Magnesium induced structural reorganization in the active site of adenylate kinase
Kwangho Nam, Abdul Raafik Arattu Thodika, Sonja Tischlik, Chanrith Phoeurk, Tamás Milán Nagy, Léon Schierholz, Jörgen Ådén, Per Rogne, Malte Drescher, A.E. Sauer-Eriksson, Magnus Wolf‐Watz
Abstract
Phosphoryl transfer is a fundamental reaction in cellular signaling and metabolism that requires Mg 2+ as an essential cofactor. While the primary function of Mg 2+ is electrostatic activation of substrates, such as ATP, the full spectrum of catalytic mechanisms exerted by Mg 2+ is not known. In this study, we integrate structural biology methods, molecular dynamic (MD) simulations, phylogeny, and enzymology assays to provide molecular insights into Mg 2+ -dependent structural reorganization in the active site of the metabolic enzyme adenylate kinase.

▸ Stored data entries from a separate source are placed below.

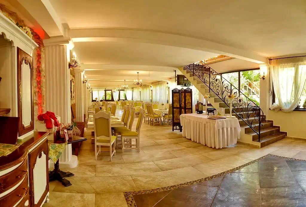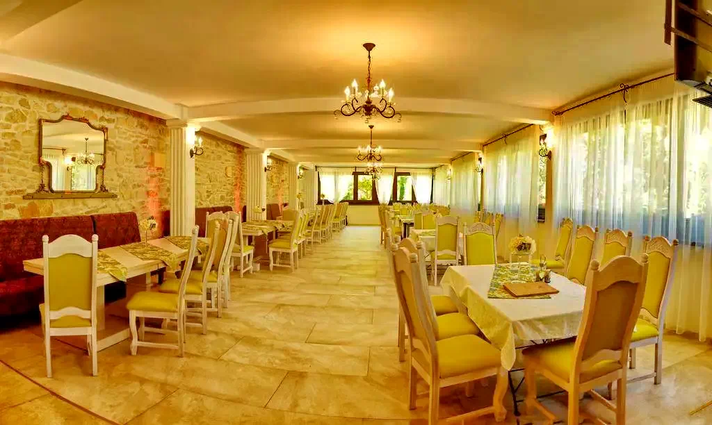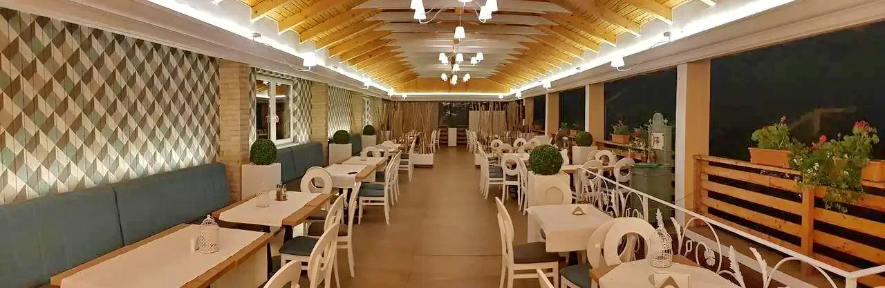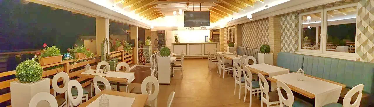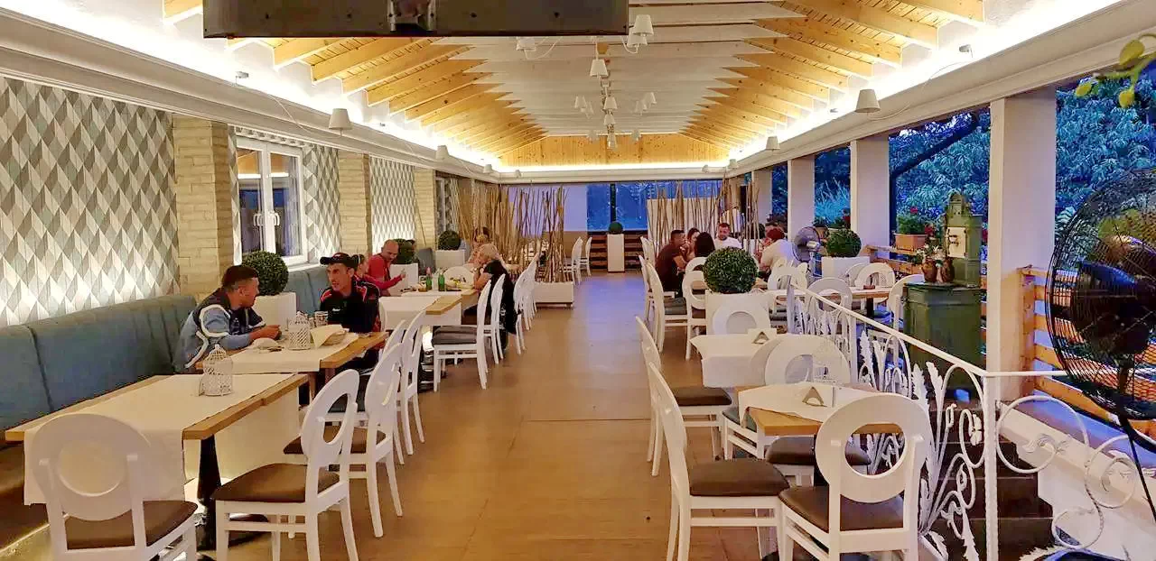 Éttermében és teraszán a la carte minden ízlésnek megfelelő fogások rendelhetőek.
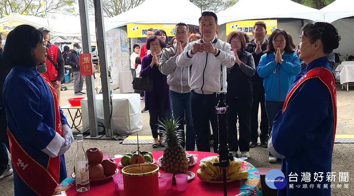 副市長蘇俊賓於龍潭區大北坑休閒農業區出席2026魯冰花季「天穿日」祭天儀式。
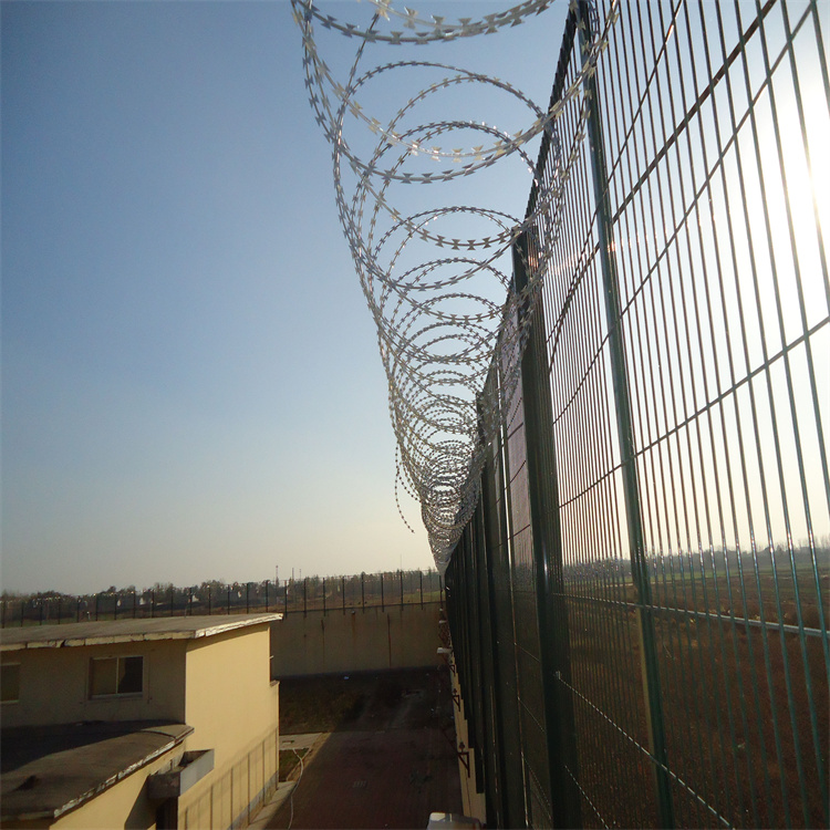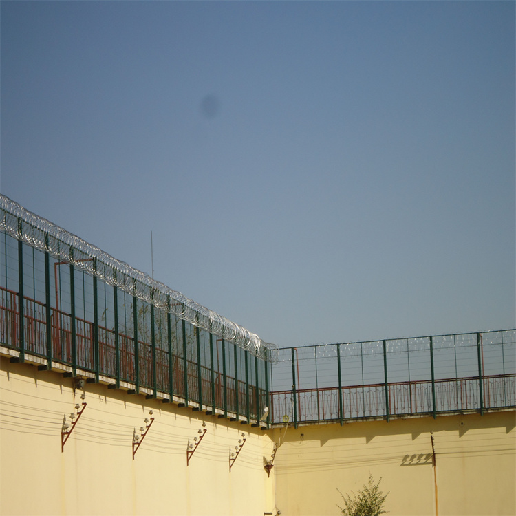 監獄鋼網墻由銳利尖角鍍鋅鋼板或不銹鋼薄板做刀片,高張力鋼絲做芯線組合而成的。鋒利的刀型刺由雙線扣裝后成蛇腹狀,既美觀又讓人不寒而粟。起到了很好的阻嚇作用

Our results demonstrate that Mg 2+ induces a conformational rearrangement of the substrates (ATP and ADP), resulting in a 30° adjustment of the angle essential for reversible phosphoryl transfer, thereby optimizing it for catalysis. MD simulations revealed transitions between conformational substates that link the fluctuation of the angle to large-scale enzyme dynamics. The findings contribute detailed insight into Mg 2+ activation of enzymes and may be relevant for reversible and irreversible phosphoryl transfer reactions.